For two random variables $(X,Y)$, the MGF can be defined as $M_{XY}(s,t) = E[e^{sX+tY}]$.
Find $M_{XY}(s,t)$ when $X$ and $Y$ are two jointly normal random variables with $E[X] = μ_X,E[Y] = μ_Y ,Var(X) = σ_X^2 ,Var(Y) = σ_Y^2 ,ρ(X,Y) = ρ.$
For two random variables $(X,Y)$, the MGF can be defined as $M_{XY}(s,t) = E[e^{sX+tY}]$.

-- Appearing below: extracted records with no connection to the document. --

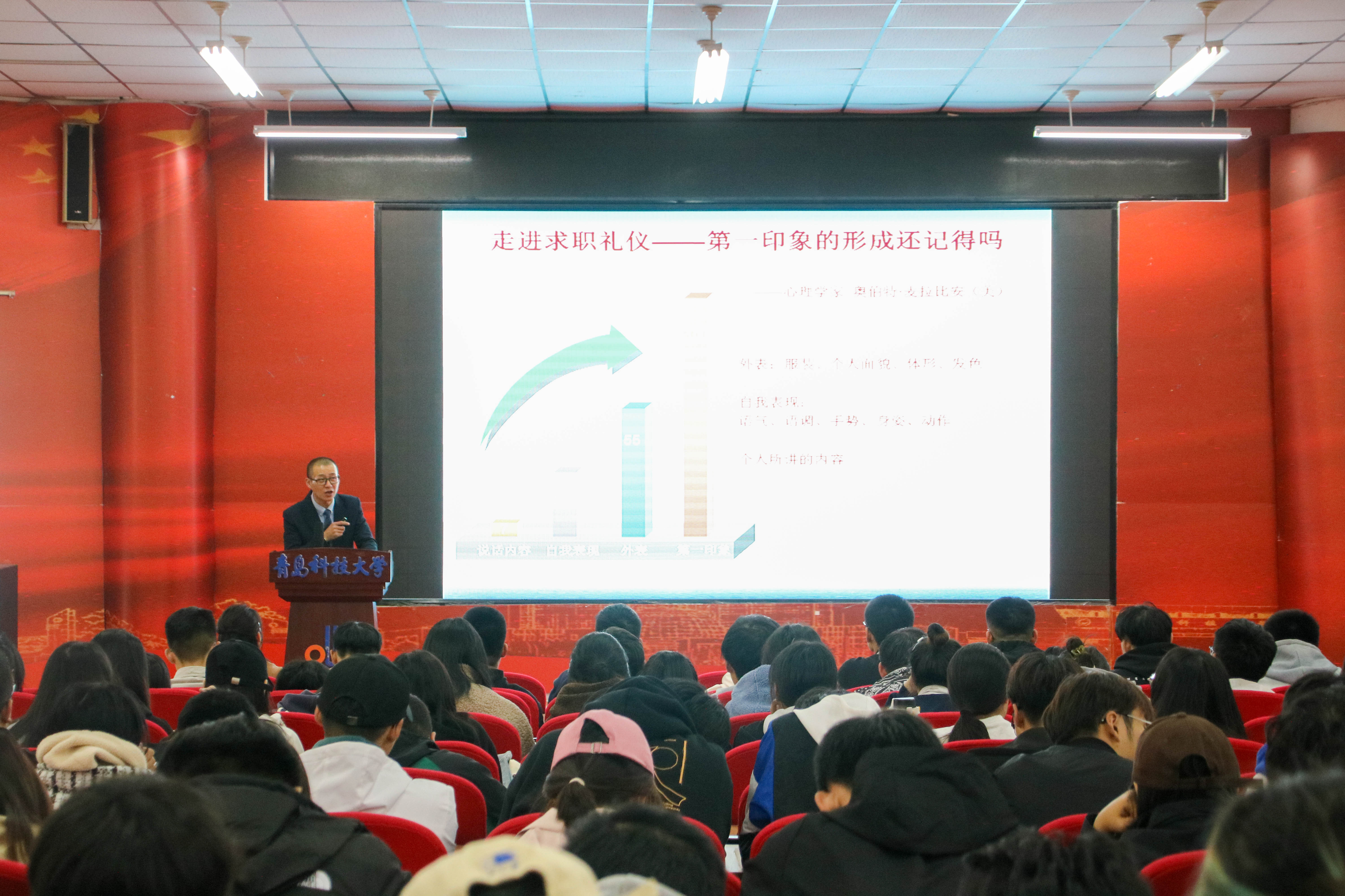11月7日下午,高密校区“新常态、新形象、新改变“求职礼仪专题讲座在通德会堂201举行。本次活动邀请了传媒学院杨洋老师担任主讲嘉宾,校区300名青年学生人参加了本次活动。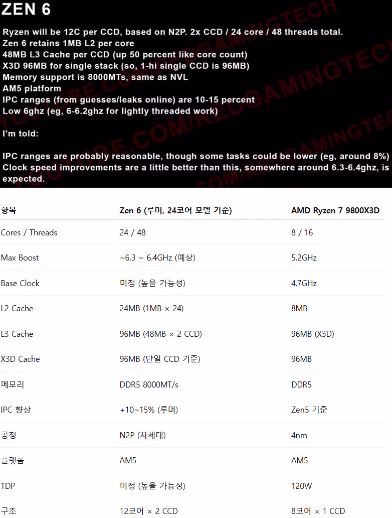 [루머]AMD ZEN 6 CPU 사양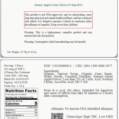 6 Hybrid Atomic Apple Lucky Chews 63.4mg THC per Chew // 380.4mg Flower Equivalent: 1.32g Expiration Date: 6/19/2026 Directions: Chew tablets thoroughly and swallow as directed.
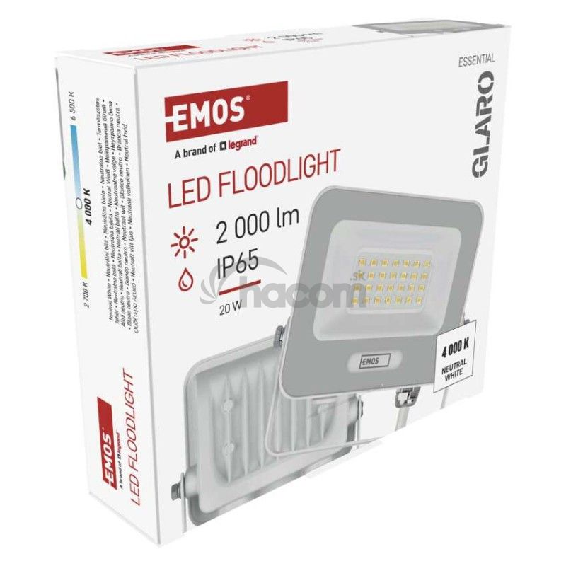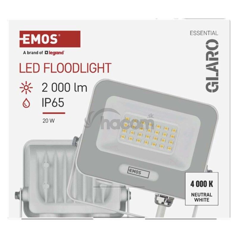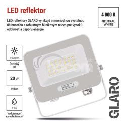 LED reflektor GLARO 20W, biely, IP65, 2000 lm, neutrálna biela ZS2224W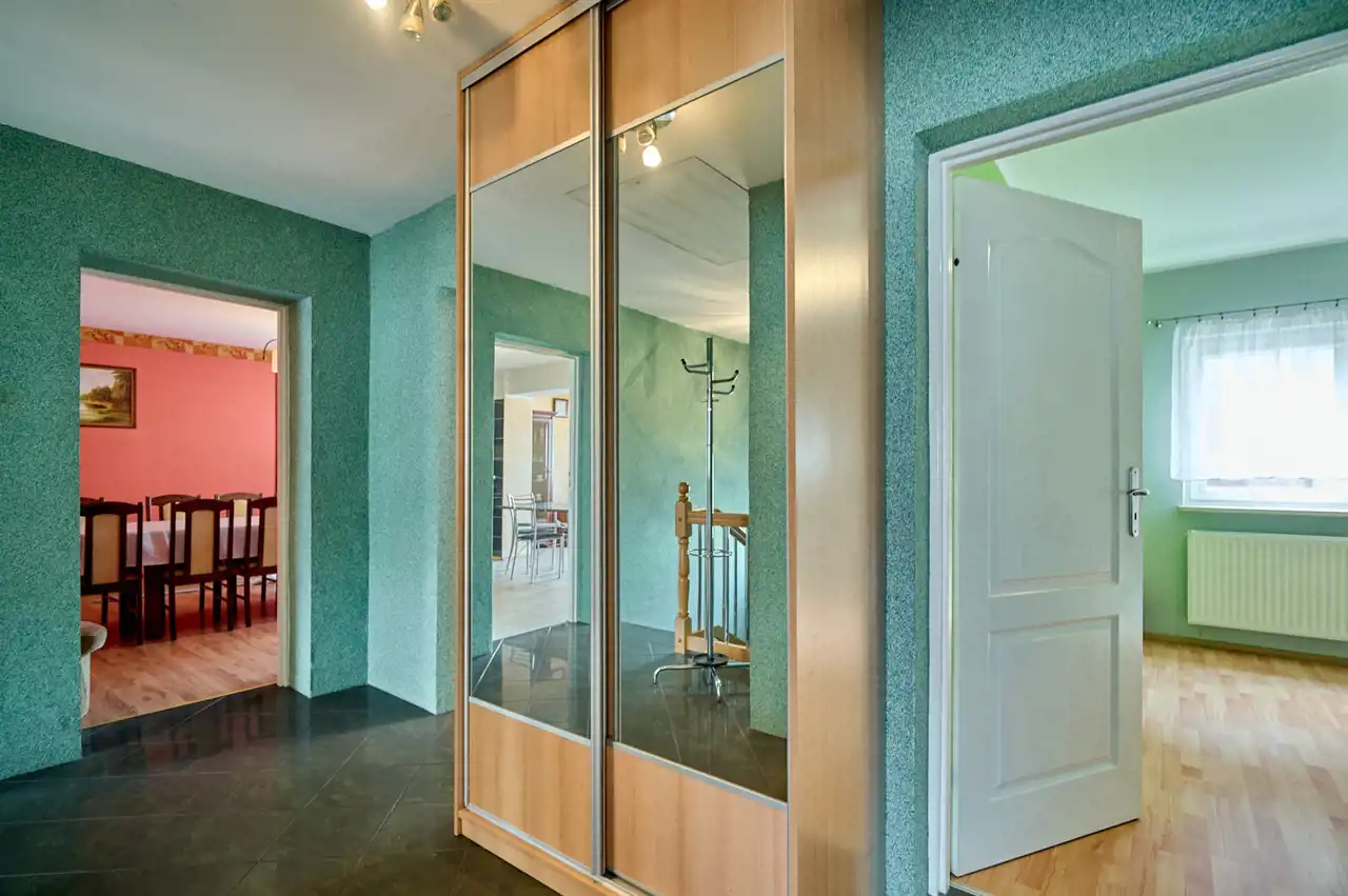 - Biznes i dom w jednym: Parter idealnie nadaje się na nieuciążliwą działalność gospodarczą (gabinet, biuro projektowe, kancelarię), podczas gdy piętro pozostaje komfortową przestrzenią mieszkalną.
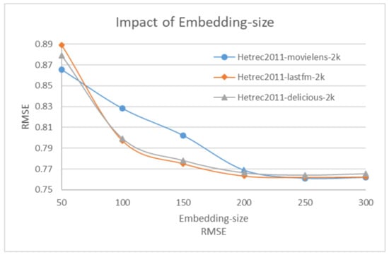 - When the size of embedding is 200, the best result is obtained on hetrec2011-lastfm-2k. When it is 300, it works best on the other dataset. After analysis, we believe that this is related to the sparsity of the data itself.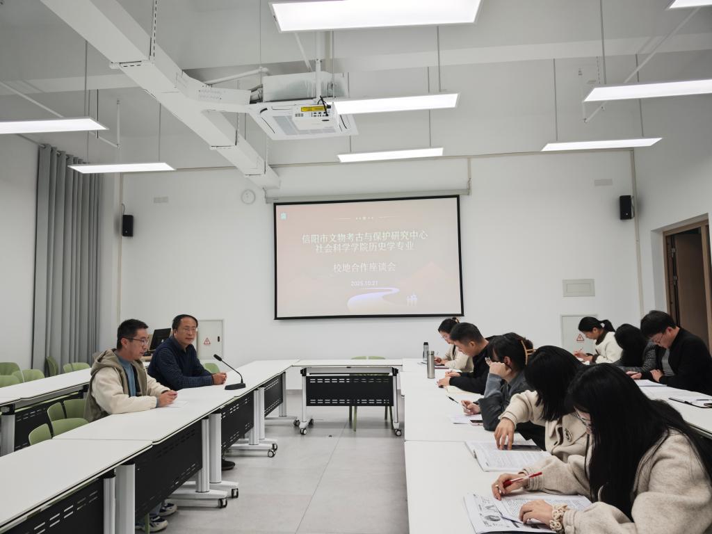 10月21日下午,在南湖校区教二楼509会议室,太阳成集团tyc539与信阳市文物考古与保护研究中心就校地合作开展座谈会。信阳市文物考古所所长牛长立、信阳载和考古勘探有限公司总经理郭锟铖,太阳成集团tyc539教学副院长寇博文与历史学专业老师参加此次会议。会议由寇博文主持。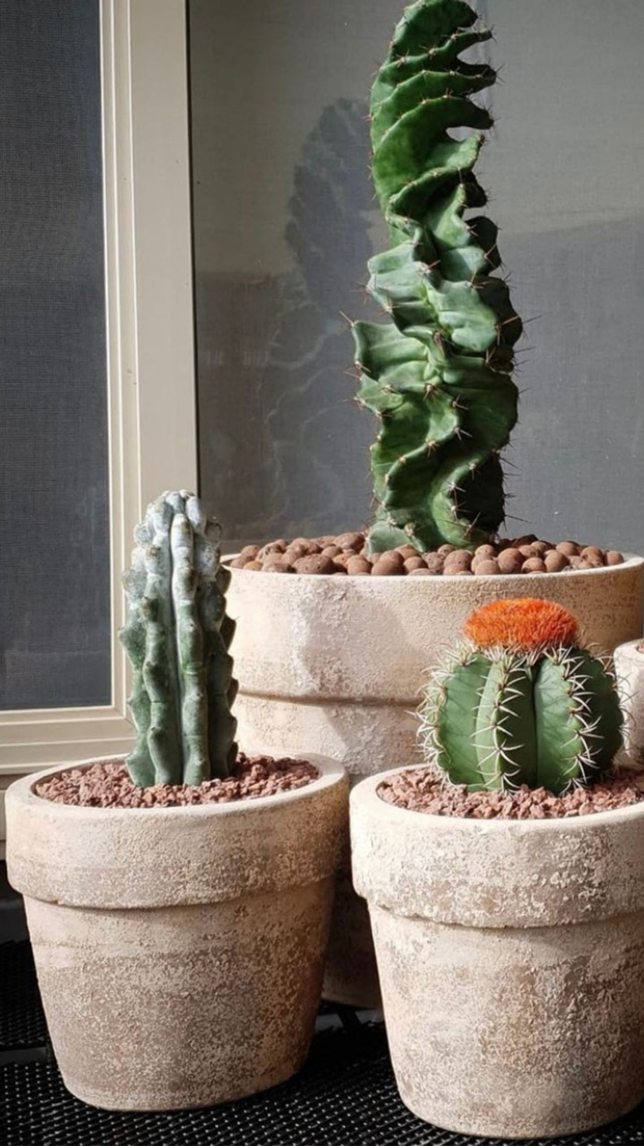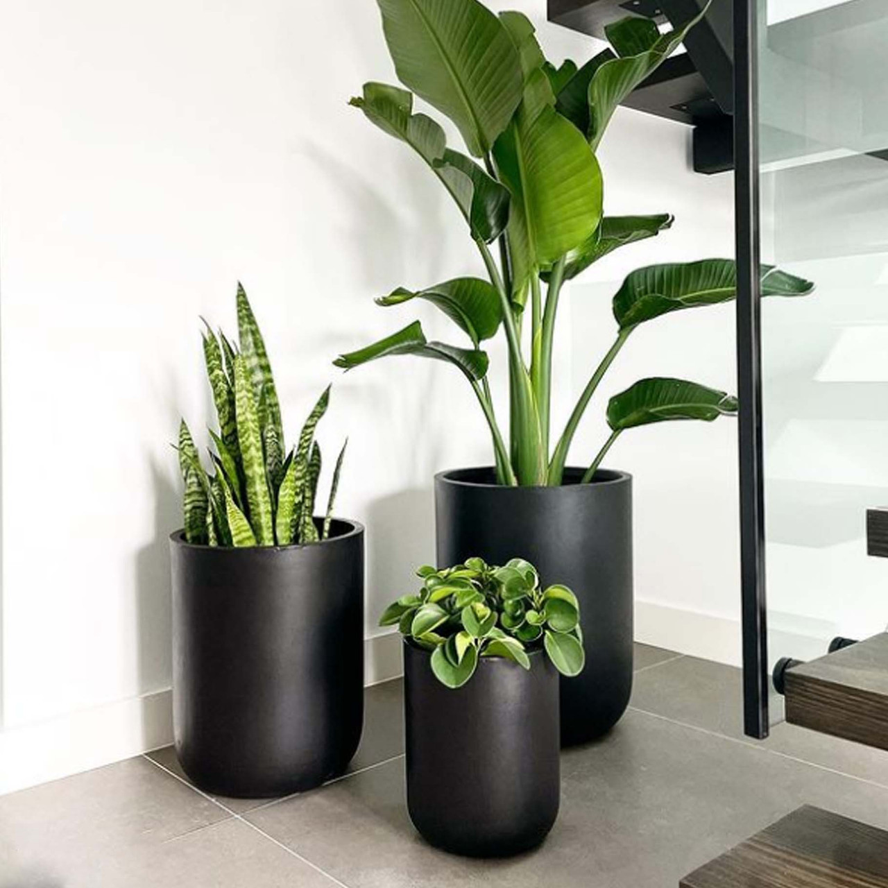 They come in three different sizes which makes them work really well together as a cluster of all three. You can just grab the three different heights and create a really nice combo in a corner somewhere. You can plant directly into them or use a brick inside to place a plant that’s already in a less attractive pot, like a plastic one.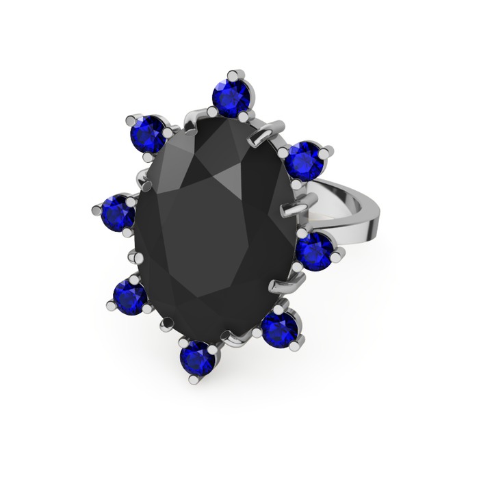 Siyah zirkon ve lab safir 8 ayar beyaz altın yüzük

Find $M_{XY}(s,t)$ when $X$ and $Y$ are two jointly normal random variables with $E[X] = μ_X,E[Y] = μ_Y ,Var(X) = σ_X^2 ,Var(Y) = σ_Y^2 ,ρ(X,Y) = ρ.$
On
If $X, Y$ are normal random variables, then
$$ \left[ \begin{array}{c} X\\ Y \end{array} \right] \sim \mathcal{N} (\left[ \begin{array}{c} \mu_1\\ \mu_2 \end{array} \right], \left[ \begin{array}{cc} \sigma^2_X & \rho\sigma_Y\sigma_X\\ \rho\sigma_Y\sigma_X & \sigma^2_Y \end{array} \right]) $$
If $\mathbf{\Sigma}$ is the covariance matrix and $\mathbf{X}$ the column vector of the random variables, the probability density function will be:
$$f(\mathbf{X}) =\frac{e^{-\frac{1}{2}(\mathbf{X} - \mathbf{\mu})^T\mathbf{\Sigma^{-1}}(\mathbf{X} - \mathbf{\mu})}}{2\pi|\mathbf{\Sigma}|^\frac{1}{2}}$$
We also know that
$$E[e^{sX + tY}] = \iint f_{X, Y}(s, t)e^{sx + ty}dxdy$$
From then on, it's just a matter of calculations.
Hint: Let $Z=Y-cX$. Choose $c$ such that $EZX-EZEX=0$. We now have independence of $X$ and $Z$ since jointly normal variables are independent iff their covariance is $0$. Now $Ee^{sX+tY}=Ee^{(s+ct)X+tZ}=Ee^{(s+ct)X} Ee^{tZ}$.